▼▼▼
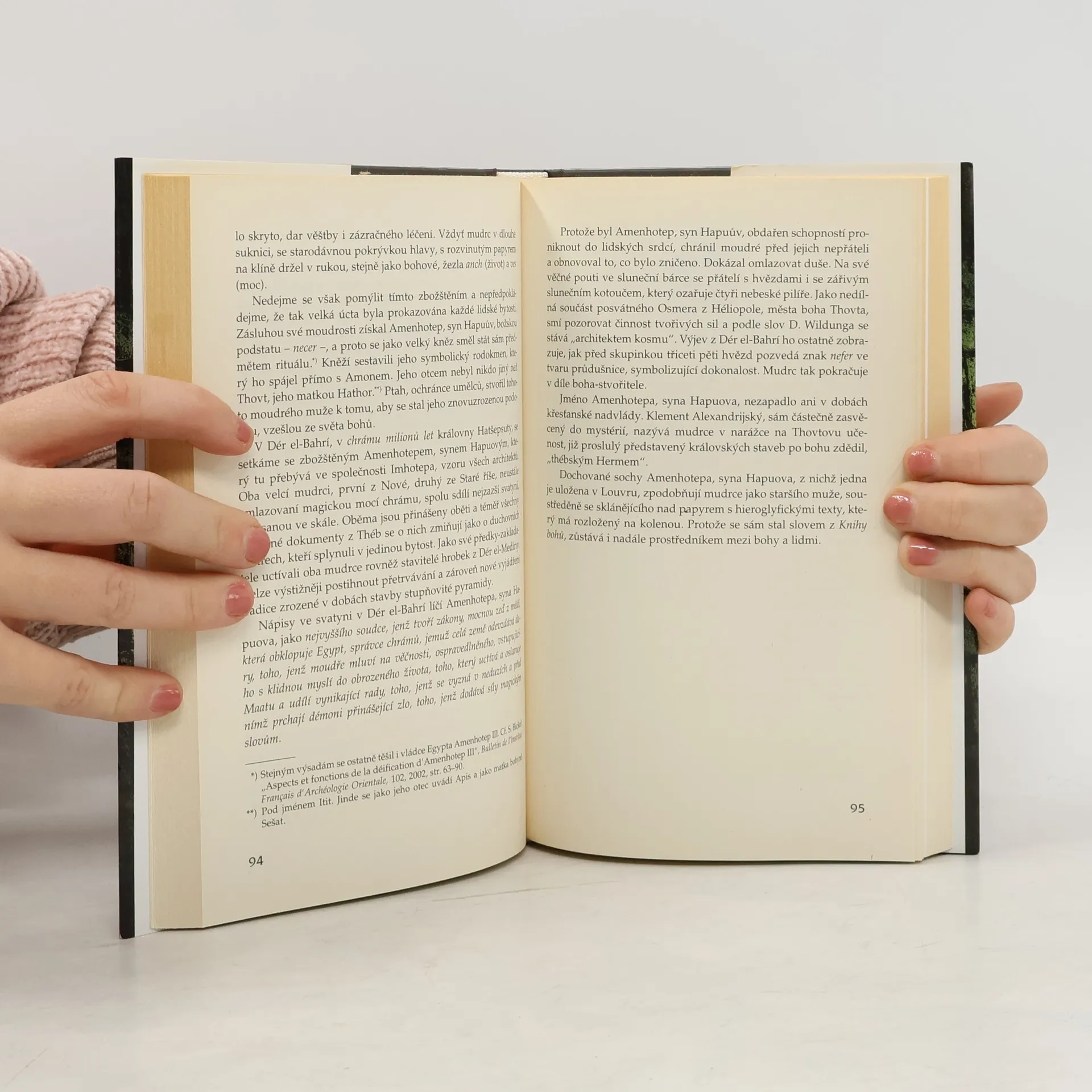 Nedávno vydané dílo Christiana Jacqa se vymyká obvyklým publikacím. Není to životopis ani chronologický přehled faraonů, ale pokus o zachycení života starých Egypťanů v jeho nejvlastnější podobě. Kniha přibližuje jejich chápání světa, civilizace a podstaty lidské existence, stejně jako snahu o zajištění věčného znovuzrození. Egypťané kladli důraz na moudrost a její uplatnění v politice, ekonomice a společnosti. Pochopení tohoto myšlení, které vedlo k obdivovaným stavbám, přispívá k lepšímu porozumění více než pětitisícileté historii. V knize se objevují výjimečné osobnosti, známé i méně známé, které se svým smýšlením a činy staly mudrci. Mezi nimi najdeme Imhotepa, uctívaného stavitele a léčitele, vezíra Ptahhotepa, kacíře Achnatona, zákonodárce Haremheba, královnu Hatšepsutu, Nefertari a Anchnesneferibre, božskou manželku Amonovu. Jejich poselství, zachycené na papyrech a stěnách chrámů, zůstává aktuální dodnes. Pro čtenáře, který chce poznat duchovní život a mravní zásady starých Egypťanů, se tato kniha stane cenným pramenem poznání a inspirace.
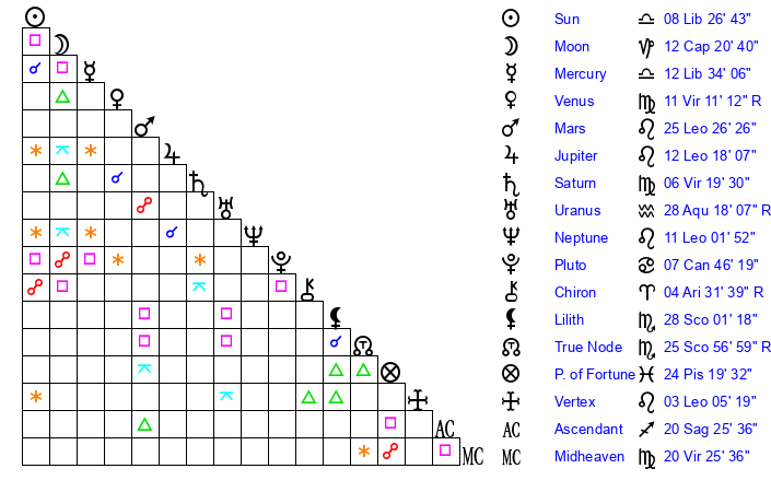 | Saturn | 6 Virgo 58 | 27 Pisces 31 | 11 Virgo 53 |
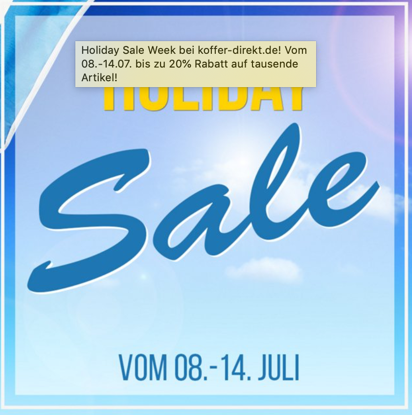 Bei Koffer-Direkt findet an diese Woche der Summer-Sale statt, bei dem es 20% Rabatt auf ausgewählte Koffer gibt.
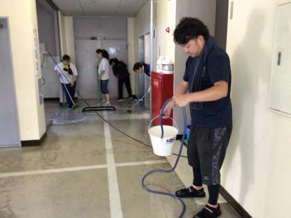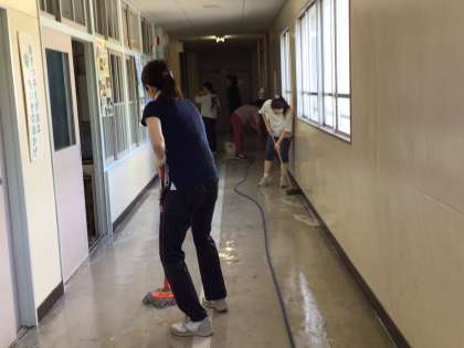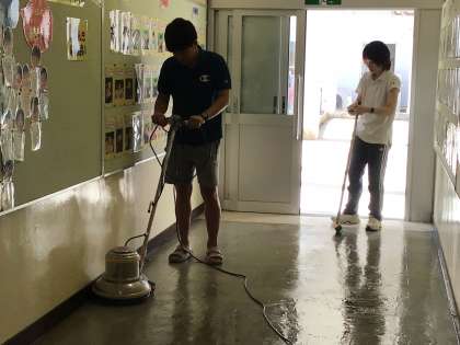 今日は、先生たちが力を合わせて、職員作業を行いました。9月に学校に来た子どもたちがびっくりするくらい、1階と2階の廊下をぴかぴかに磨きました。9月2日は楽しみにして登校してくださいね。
▲▲▲
- **What needs to be done**
Set the data above down again exactly as given, with no pictures.

- **Reply to the exercise**
 Nedávno vydané dílo Christiana Jacqa se vymyká obvyklým publikacím. Není to životopis ani chronologický přehled faraonů, ale pokus o zachycení života starých Egypťanů v jeho nejvlastnější podobě. Kniha přibližuje jejich chápání světa, civilizace a podstaty lidské existence, stejně jako snahu o zajištění věčného znovuzrození. Egypťané kladli důraz na moudrost a její uplatnění v politice, ekonomice a společnosti. Pochopení tohoto myšlení, které vedlo k obdivovaným stavbám, přispívá k lepšímu porozumění více než pětitisícileté historii. V knize se objevují výjimečné osobnosti, známé i méně známé, které se svým smýšlením a činy staly mudrci. Mezi nimi najdeme Imhotepa, uctívaného stavitele a léčitele, vezíra Ptahhotepa, kacíře Achnatona, zákonodárce Haremheba, královnu Hatšepsutu, Nefertari a Anchnesneferibre, božskou manželku Amonovu. Jejich poselství, zachycené na papyrech a stěnách chrámů, zůstává aktuální dodnes. Pro čtenáře, který chce poznat duchovní život a mravní zásady starých Egypťanů, se tato kniha stane cenným pramenem poznání a inspirace.
 | Saturn | 6 Virgo 58 | 27 Pisces 31 | 11 Virgo 53 |
 Bei Koffer-Direkt findet an diese Woche der Summer-Sale statt, bei dem es 20% Rabatt auf ausgewählte Koffer gibt.
 今日は、先生たちが力を合わせて、職員作業を行いました。9月に学校に来た子どもたちがびっくりするくらい、1階と2階の廊下をぴかぴかに磨きました。9月2日は楽しみにして登校してくださいね。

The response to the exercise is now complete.